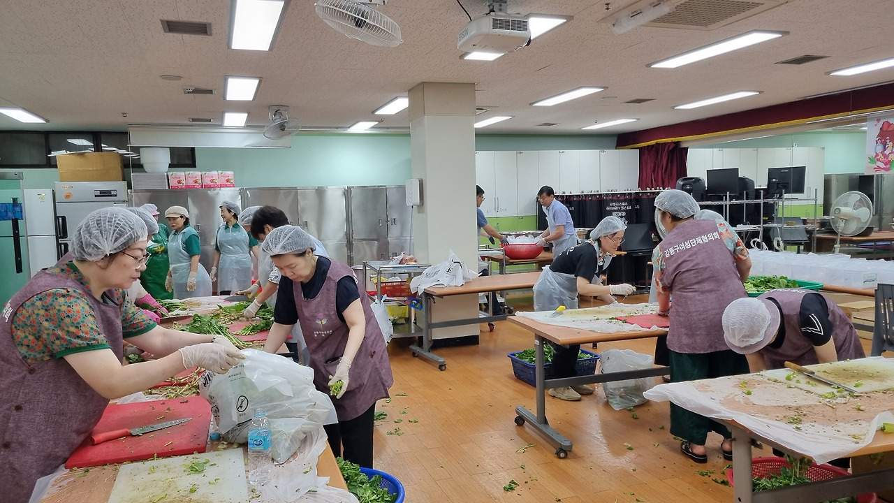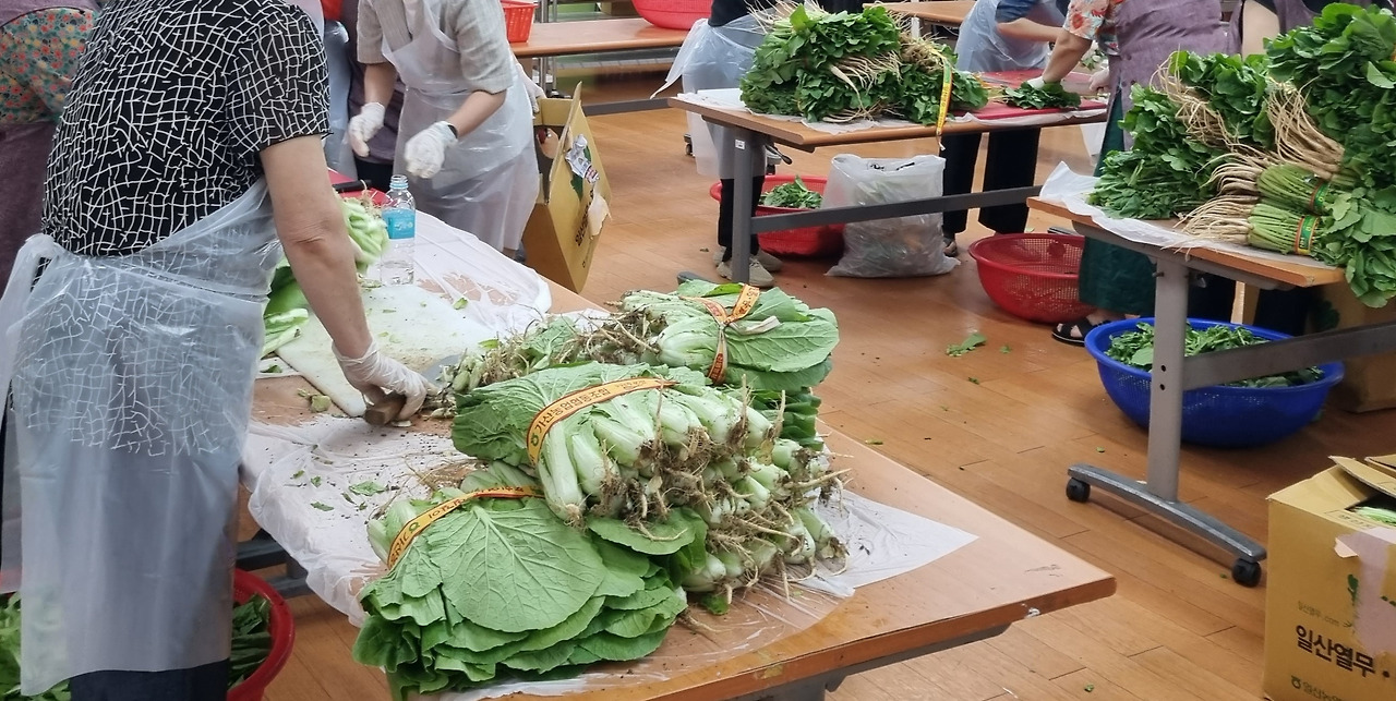 밥맛을 잃지 않고 시원하게 한여름을 날 수 있도록 여름김치를 지원하고자 이렇게 김치 만드는 행사를 하는 것이다.
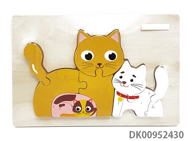 Wooden three-dimensional kitten parent-child puzzle
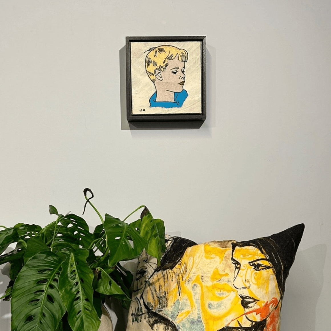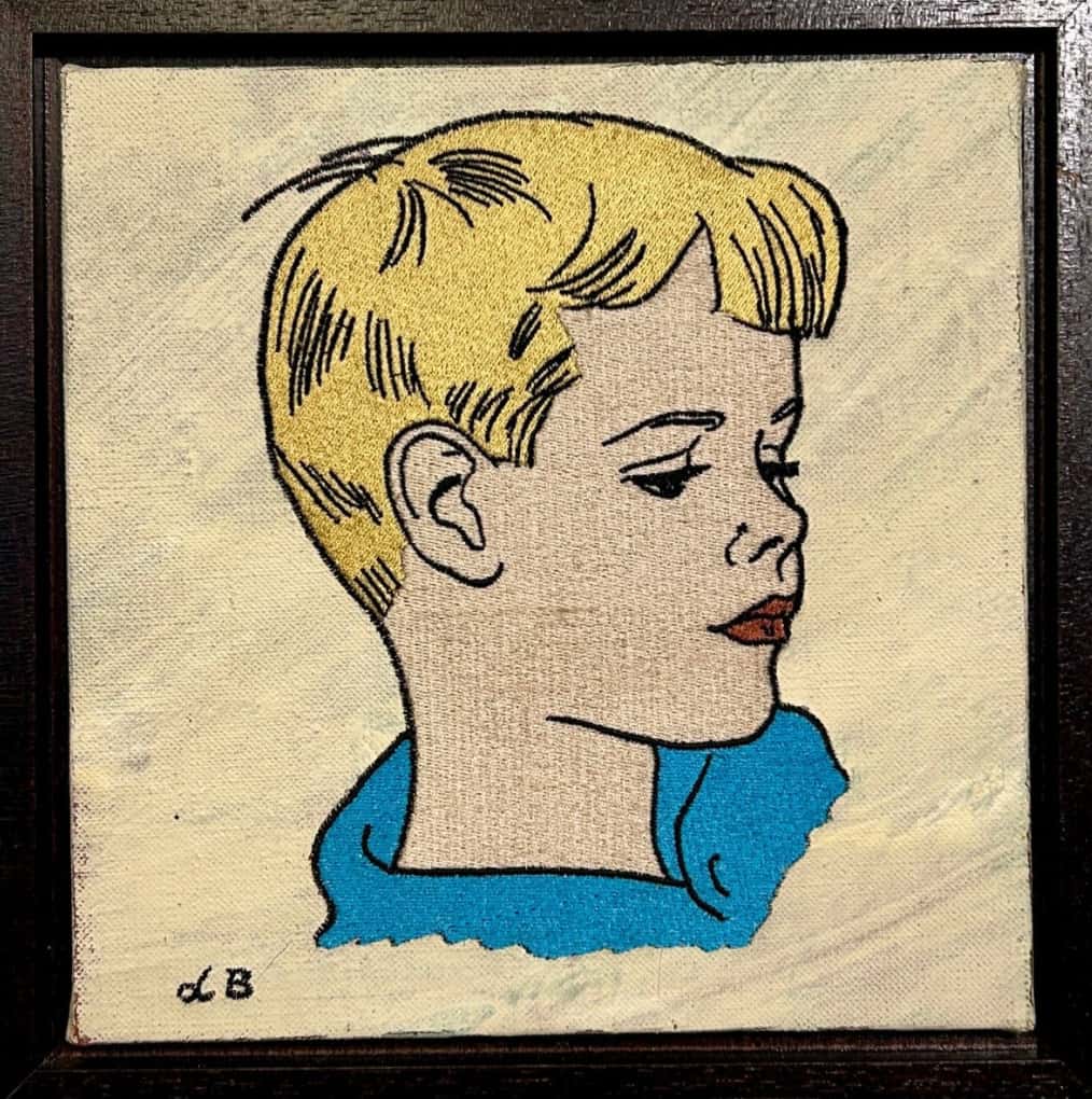 A gorgeous work from David Bromley's nostalgic Children's Series. Cotton thread embroidered onto David's old paint covered drop sheets, framed in timber - 26 x 26cm. This work is located at our South Yarra gallery.
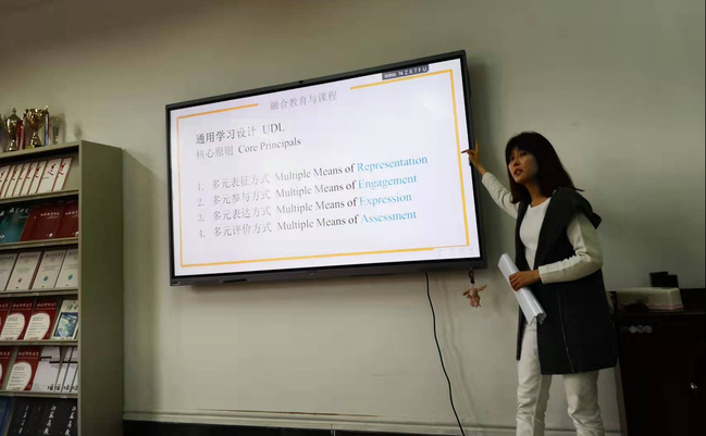 课后,学院领导和学前教育专业的教师针对学前融合教育课程作为双语授课的试行的可行性、教材选择以及授课内容等方面进行了讨论。一致认为,周易老师的双语课英语熟练、表达准确,可以在卓越班的学前融合教育课程的授课中试行,同时也需要进一步切实提高学生的专业英语水平以及直接使用英语从事科研的能力,以更好地适应社会的需求。(周易)
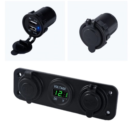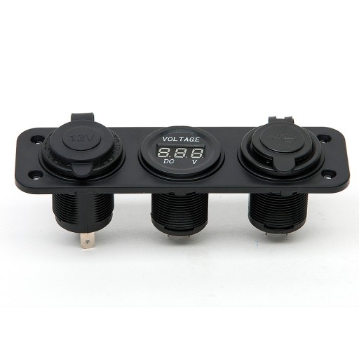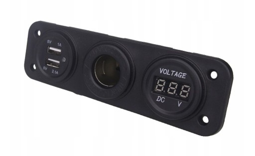 Panel składa się z gniazda zapalniczki, cyfrowego woltomierza wyświetlającego aktualny poziom napięcia akumulatora i dwóch portów USB szybkiego ładowania o napięciu 5V 3.1A (2.1A + 1A).
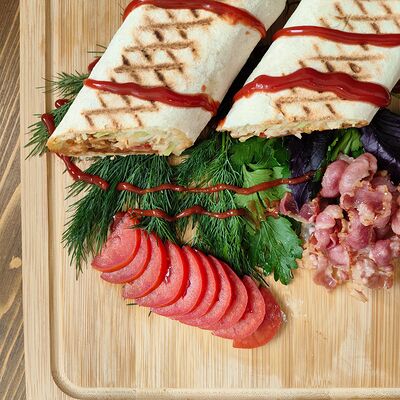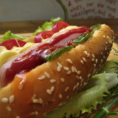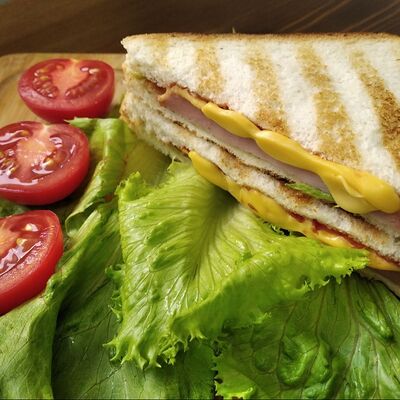 Хлеб Харрис, салат айсберг, ветчина из свинины, сыр чеддер, помидоры, соус томатный, соус ранч
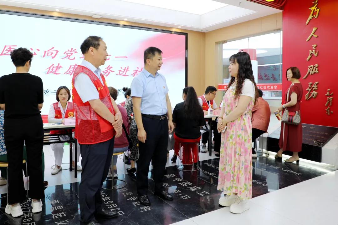 6月25日上午,市二院黨委書記魏松、紀(jì)委書記孟德陽帶領(lǐng)門診黨支部黨員志愿者到新華街社區(qū)開展“醫(yī)心向迎七一 健康服務(wù)進(jìn)社區(qū)”義診宣傳活動,以實際行動向黨的生日獻(xiàn)禮。
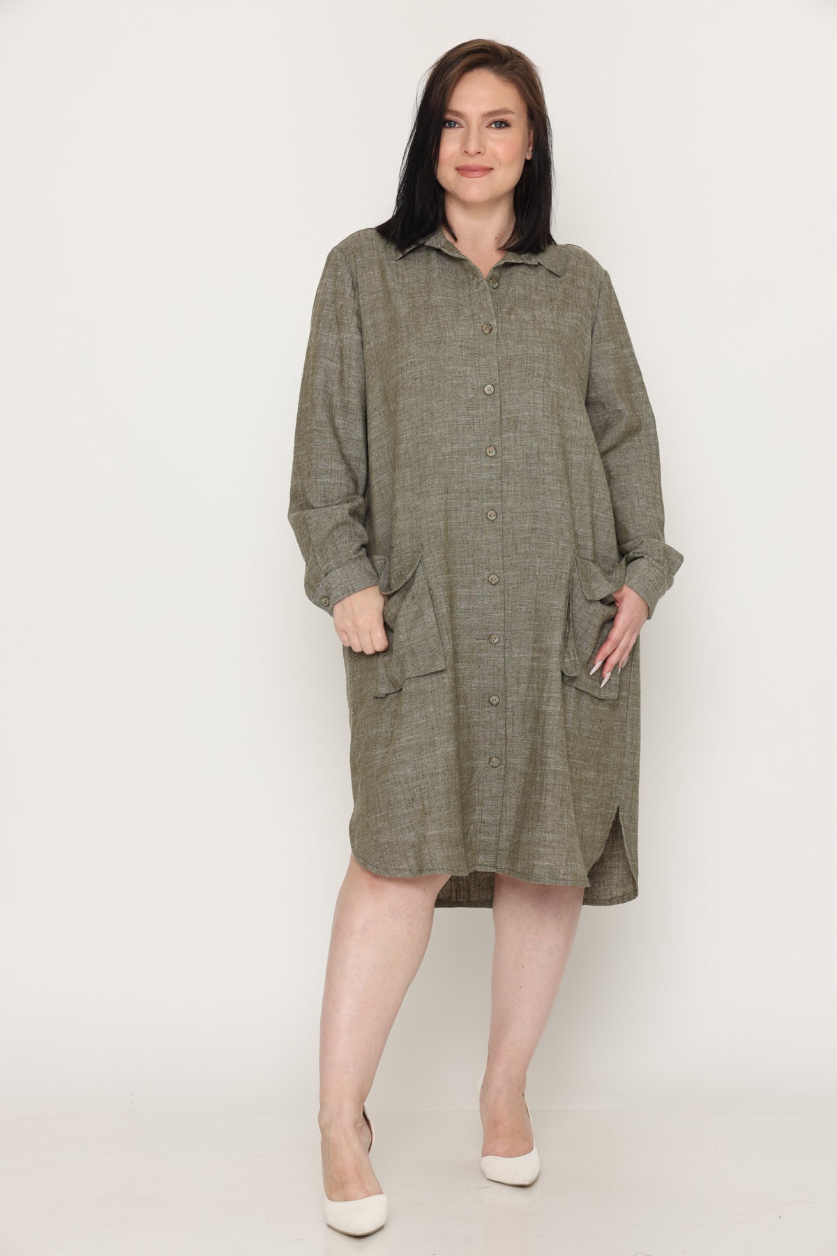 - צווארון פולו ושרוולים ארוכים, שני כיסים
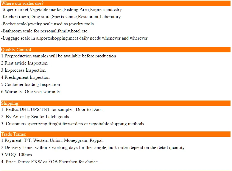 | Specification LCD size:37*14mm Platform size:55mm*50mm Scale: 120*63*20mm Weight:95g Color box: 127*67*22 mm Weight:110g |
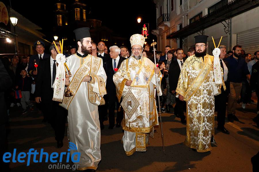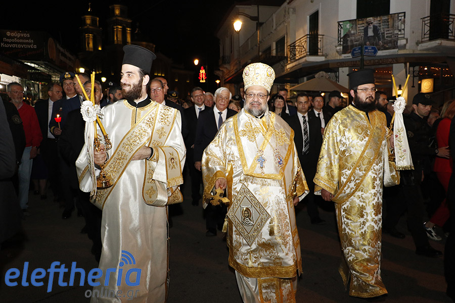 Στην συνέχεια υπό τους ήχους της Δημοτικής Φιλαρμονικής, ο κ. Παυλόπουλος ακολούθησε την περιφορά του Επιταφίου στο κέντρο της Καλαμάτας, όπου προέστη ο μητροπολίτης Μεσσηνίας Χρυσόστομος. Κατά την καθιερωμένη συνάντηση των Επιταφίων Υπαπαντής και Αγίου Νικολάου μάλιστα ο Πρόεδρος δεν έχασε την ευκαιρία να χαιρετήσει Καλαματιανούς και να ανταλλάξουν ευχές για τις Άγιες ημέρες του Πάσχα.
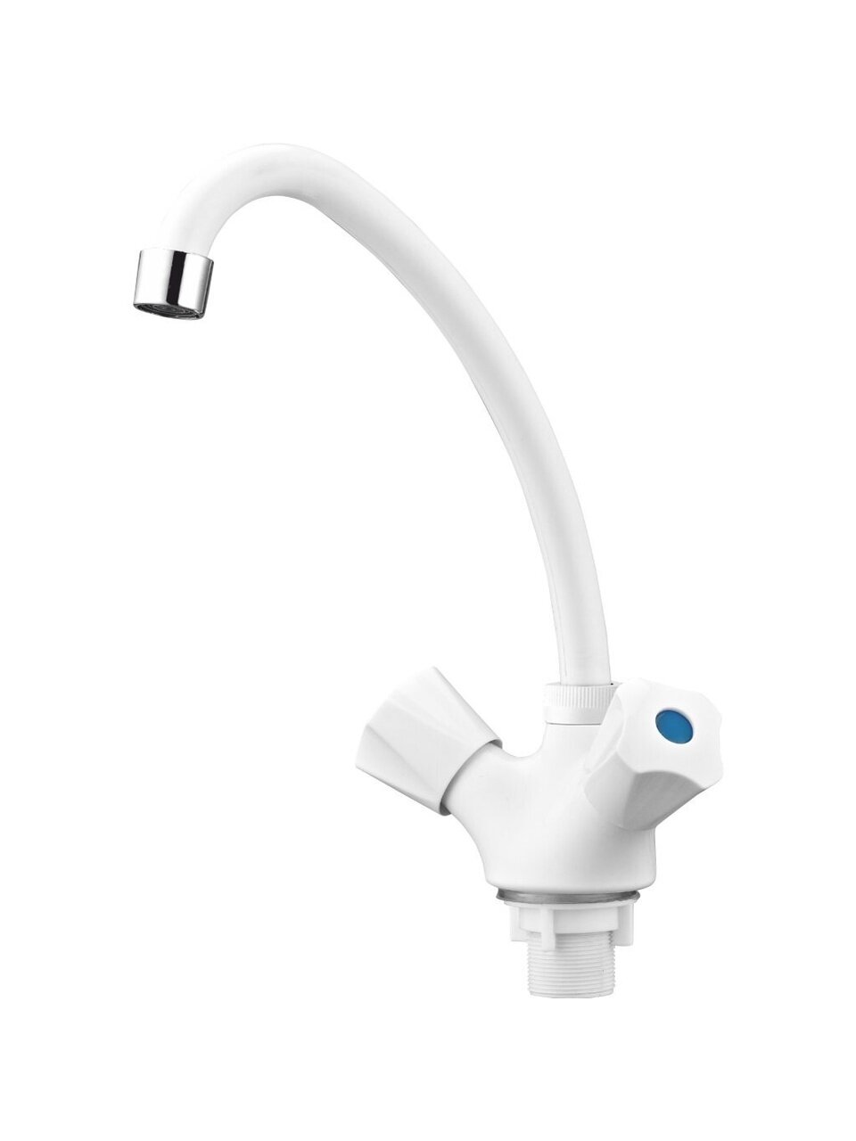 Смеситель для кухни РМС PL4-271F — это практичный выбор для тех, кто ищет недорогой, но надёжный вариант с двумя вентилями и поворотным изливом. Благодаря ABS-пластику корпус не ржавеет, не темнеет и сохраняет белоснежный вид даже при интенсивном использовании. Такой смеситель особенно популярен для установки на дачу, в арендное жильё или как временное решение на кухне.
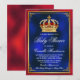 Invitación a la ducha de bebé real con hermosa corona roja y dorada en un hermoso fondo rojo, azul real y dorado. Puede cambiar el texto según sea necesario para su evento. Imprimir en papel brillante para obtener los mejores resultados.
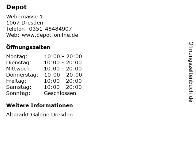 | Öffnungszeiten Depot in Dresden anzeigen | |
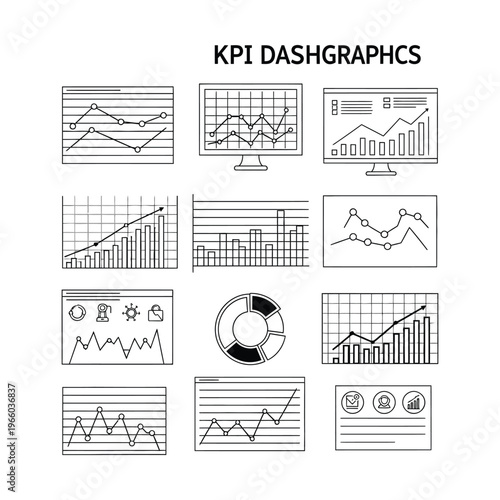 A collection of line graphs, bar charts, and pie charts representing data visualization and business analytics dashboards.
○ ○ ○ ○ ○ ○ ○
ASSIGNMENT: Where an entry contains an image, leave the image out; otherwise retype everything exactly.

ANSWER FOR THE TASK:
 밥맛을 잃지 않고 시원하게 한여름을 날 수 있도록 여름김치를 지원하고자 이렇게 김치 만드는 행사를 하는 것이다.
 Wooden three-dimensional kitten parent-child puzzle
 A gorgeous work from David Bromley's nostalgic Children's Series. Cotton thread embroidered onto David's old paint covered drop sheets, framed in timber - 26 x 26cm. This work is located at our South Yarra gallery.
 课后,学院领导和学前教育专业的教师针对学前融合教育课程作为双语授课的试行的可行性、教材选择以及授课内容等方面进行了讨论。一致认为,周易老师的双语课英语熟练、表达准确,可以在卓越班的学前融合教育课程的授课中试行,同时也需要进一步切实提高学生的专业英语水平以及直接使用英语从事科研的能力,以更好地适应社会的需求。(周易)
 Panel składa się z gniazda zapalniczki, cyfrowego woltomierza wyświetlającego aktualny poziom napięcia akumulatora i dwóch portów USB szybkiego ładowania o napięciu 5V 3.1A (2.1A + 1A).
 Хлеб Харрис, салат айсберг, ветчина из свинины, сыр чеддер, помидоры, соус томатный, соус ранч
 6月25日上午,市二院黨委書記魏松、紀(jì)委書記孟德陽帶領(lǐng)門診黨支部黨員志愿者到新華街社區(qū)開展“醫(yī)心向迎七一 健康服務(wù)進(jìn)社區(qū)”義診宣傳活動,以實際行動向黨的生日獻(xiàn)禮。
 - צווארון פולו ושרוולים ארוכים, שני כיסים
 | Specification LCD size:37*14mm Platform size:55mm*50mm Scale: 120*63*20mm Weight:95g Color box: 127*67*22 mm Weight:110g |
 Στην συνέχεια υπό τους ήχους της Δημοτικής Φιλαρμονικής, ο κ. Παυλόπουλος ακολούθησε την περιφορά του Επιταφίου στο κέντρο της Καλαμάτας, όπου προέστη ο μητροπολίτης Μεσσηνίας Χρυσόστομος. Κατά την καθιερωμένη συνάντηση των Επιταφίων Υπαπαντής και Αγίου Νικολάου μάλιστα ο Πρόεδρος δεν έχασε την ευκαιρία να χαιρετήσει Καλαματιανούς και να ανταλλάξουν ευχές για τις Άγιες ημέρες του Πάσχα.
 Смеситель для кухни РМС PL4-271F — это практичный выбор для тех, кто ищет недорогой, но надёжный вариант с двумя вентилями и поворотным изливом. Благодаря ABS-пластику корпус не ржавеет, не темнеет и сохраняет белоснежный вид даже при интенсивном использовании. Такой смеситель особенно популярен для установки на дачу, в арендное жильё или как временное решение на кухне.
 Invitación a la ducha de bebé real con hermosa corona roja y dorada en un hermoso fondo rojo, azul real y dorado. Puede cambiar el texto según sea necesario para su evento. Imprimir en papel brillante para obtener los mejores resultados.
 | Öffnungszeiten Depot in Dresden anzeigen | |
 A collection of line graphs, bar charts, and pie charts representing data visualization and business analytics dashboards.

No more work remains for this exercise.